In the summer of 1960, Louis E. Lomax, an American Negro reporter visited several countries in Africa. Lomax skipped the newly independent nations; except for Egypt and Ethiopia, all of his stops in Africa were in territories still ruled by white “Europeans.” As he touched down in Kenya, Tanganyika, Southern Rhodesia and South Africa, Lomax was struck by the growing bitterness many Africans felt toward the United States. And in defending his country, he was also surprised at how often the fact that he was an American seemed much more important than the color of his skin.
Lomax’ most disturbing discovery was that most African nationalists have quite a different objective from American Negro leaders. Instead of integration into a white political and economic system, the Africans are demanding majority rule, which In Africa means black rule. The danger in this, as Lomax points out, is that racism is now beginning to cut two ways. As he puts it: “The attacks upon whites in the Congo were shocking proof that black men are learning to hate. It is more than prejudice. it is a desire to destroy.”

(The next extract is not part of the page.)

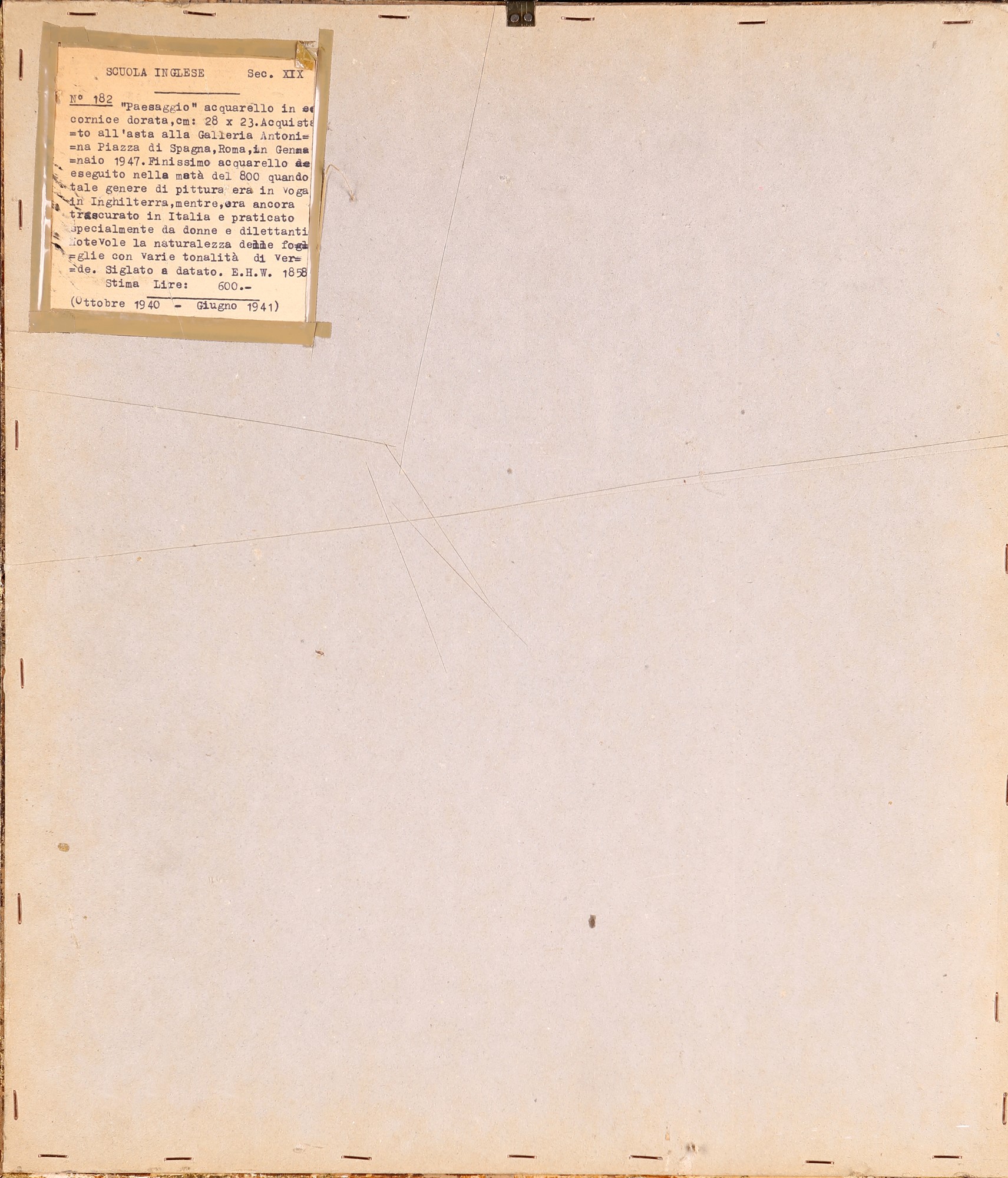 acquerello su carta, cm 28 x 23 in antico passepartout e cornice dorata cm 44 x 39

Lomax was born in Valdosta, Georgia and attended Paine College in Augusta, where he became editor of the student newspaper before he graduated in 1942.He pursued graduate studies at American University, where he was awarded an MA in 1944, and Yale University, where he earned a PhD in 1947. Louis E. Lomax began his journalism career at the Afro-American and the Chicago Defender, two newspapers focused on news of interest to African-American readers. In 1958, he became the first Black television journalist when he joined WNTA-TV in New York. In 1959, Lomax told his colleague Mike Wallace about the Nation of Islam. Lomax and Wallace produced a five-part documentary about the organization, The Hate That Hate Produced, which aired during the week of July 13, 1959. The program was the first time most white people heard about the Nation, its leader, Elijah Muhammad and its charismatic spokesman, Malcolm X.